Khaled al-Taweel mengatakan dia melihat helikopter Apache dan Cobra menyerang sasaran di daerah tersebut, serta jet F-16 dan drone.
“Begitu banyak teror. Sesuatu yang belum pernah Anda lihat. Tidak di Hollywood di AS, tidak di Libya, tidak di Suriah… Hanya di Rafah,” katanya kepada Reuters.
keterangan gambar,
Masjid al-Huda di kamp pengungsi Rafah dihancurkan selama operasi Israel
Di rumah sakit khusus Kuwait terdekat, seorang gadis Palestina yang dirawat karena luka pecahan peluru di lehernya mengatakan ayahnya terbunuh ketika sebuah kamp pengungsi diserang.
“Kami berada di dalam tenda, saya dan seluruh keluarga saya, ketika semua peluru mengenai kami. Ayah saya pergi untuk melihat apa yang terjadi dan dia mengatakan ada serangan dan ketika dia berbicara ada serangan,” kata Mai al- Najjar kepada Reuters. .
Citra satelit terbaru dari lokasi tempat sandera disandera menunjukkan sekelompok kecil tenda yang jaraknya kurang dari 100 m (330 kaki).
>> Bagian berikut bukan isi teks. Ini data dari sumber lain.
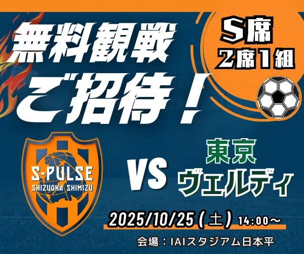 【抽選】10/25エスパルス観戦チケットが当たる!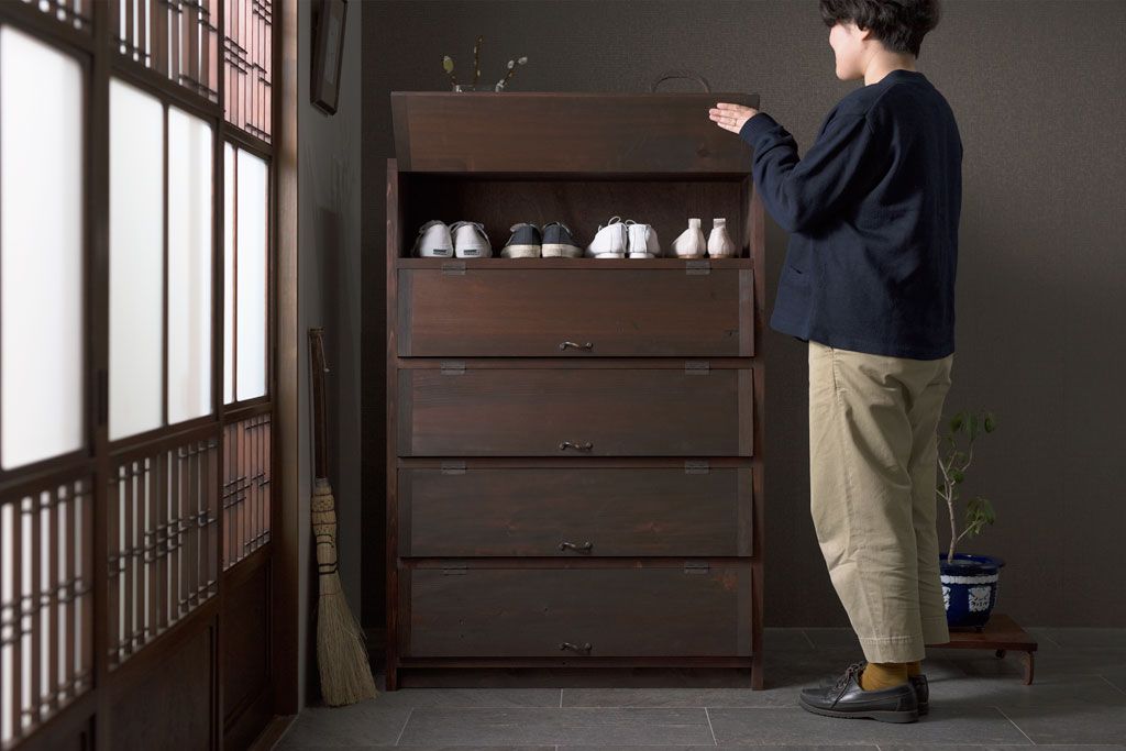 ワードローブ・ロッカー > パタパタ扉の収納棚を新規製作!本体は新材、扉は古材を使用。引手を取り付け。濃い茶色で着色し仕上げ。(下駄箱、ロッカー、キャビネット)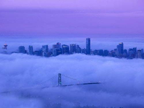 Hoàng hôn tím mù sương trên cầu Lion Gate - Vancouver (Canada).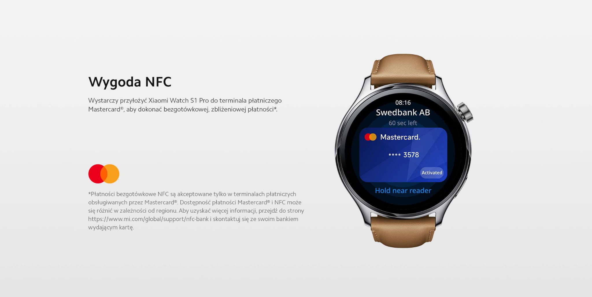 *Płatności bezgotówkowe NFC akceptowane tylko w terminalach płatniczych obsługiwanych przez Mastercard®. Dostępność płatności Mastercard® i dostępność NFC może się różnić w zależności od regionu. Aby uzyskać więcej szczegółów, wejdź na stronę https://www.mi.com/global/support/nfc i skontaktuj się ze swoim bankiem wydającym kartę, aby uzyskać więcej informacji.

Seorang dokter di Rumah Sakit Khusus Kuwait mengatakan beberapa korban luka yang dibawa ke sana setelah serangan tersebut mengalami amputasi traumatis pada kaki dan lengan, termasuk anak-anak, wanita dan orang tua. Rekaman dari fasilitas tersebut juga menunjukkan anak-anak tewas dan terluka.
Kementerian Kesehatan Gaza, yang dijalankan oleh Hamas, mengatakan dalam sebuah pernyataan pada Senin pagi bahwa sedikitnya 67 orang telah tewas dan jumlah tersebut dapat meningkat seiring dengan berlanjutnya operasi penyelamatan dan bantuan.
Hamas menggambarkan serangan itu sebagai kelanjutan dari “perang genosida” Israel terhadap rakyat Palestina, sementara Kementerian Luar Negeri Otoritas Palestina mengutuk apa yang mereka sebut sebagai “pembantaian” Israel di Rafah.